El conflicto armado en Líbano cumple una semana marcado por una intensa campaña de bombardeos de Israel que ha dejado al menos 400 muertos, más de 1.100 heridos y cerca de 500.000 personas desplazadas, según cifras reportadas por autoridades libanesas.

La ofensiva aérea representa el segundo gran estallido de violencia en apenas 15 meses y ha reavivado las tensiones internas en el país, donde el Gobierno responsabiliza al grupo chií Hizbulá por el ataque que desencadenó la nueva escalada.
El actual enfrentamiento comenzó tras un ataque simbólico lanzado por Hizbulá contra el norte de Israel en apoyo a Gaza y a su aliado regional Irán.
La ofensiva se produjo dos días después de que comenzara la guerra entre Israel, Estados Unidos e Irán, lo que provocó una respuesta militar casi inmediata contra territorio libanés.
Más allá de la rivalidad directa con Israel, el grupo libanés mantiene vínculos estratégicos con el movimiento palestino Hamás, relación que tiene como eje común el respaldo de Irán dentro de una red regional que también incluye milicias en Irak y a los rebeldes hutíes en Yemen.

Tras la guerra anterior, el Gobierno de Líbano había iniciado un plan para desarmar a Hizbulá bajo presión de Estados Unidos.
Sin embargo, el proceso avanzó lentamente y solo se logró retirar al grupo armado de algunas zonas del sur del país.

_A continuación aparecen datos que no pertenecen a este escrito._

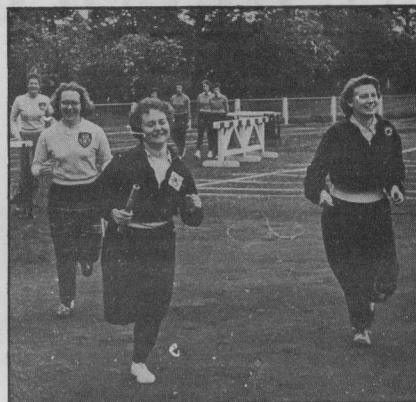
The ICWSC relay team before the Invitation Relay on Sports Day.

El Ejército libanés evitó forzar el desarme en otras regiones por temor a un conflicto interno.
Con el inicio de los nuevos ataques israelíes, el Consejo de Ministros volvió a prohibir las actividades armadas del movimiento chií y reiteró su compromiso de avanzar en su desarme.
La nueva ofensiva se concentra principalmente en el sur y el este del país, así como en los suburbios del sur de Beirut, áreas consideradas bastiones de Hizbulá.

Mientras tanto, el grupo ha respondido con ataques de alcance limitado contra territorio israelí. También se han reportado enfrentamientos directos en el sur del país y movimientos militares cerca de la frontera.
El conflicto vuelve a colocar a Líbano en medio de las tensiones entre Irán y Estados Unidos.
Las autoridades libanesas han intensificado los contactos diplomáticos para frenar la escalada, especialmente con Francia, con el objetivo de impulsar negociaciones que permitan alcanzar una tregua.
El primer ministro libanés, Nawaf Salam, afirmó que si Hizbulá se transformara completamente en un partido político y abandonara sus actividades militares, el Gobierno no tendría inconvenientes en su participación en la vida política del país.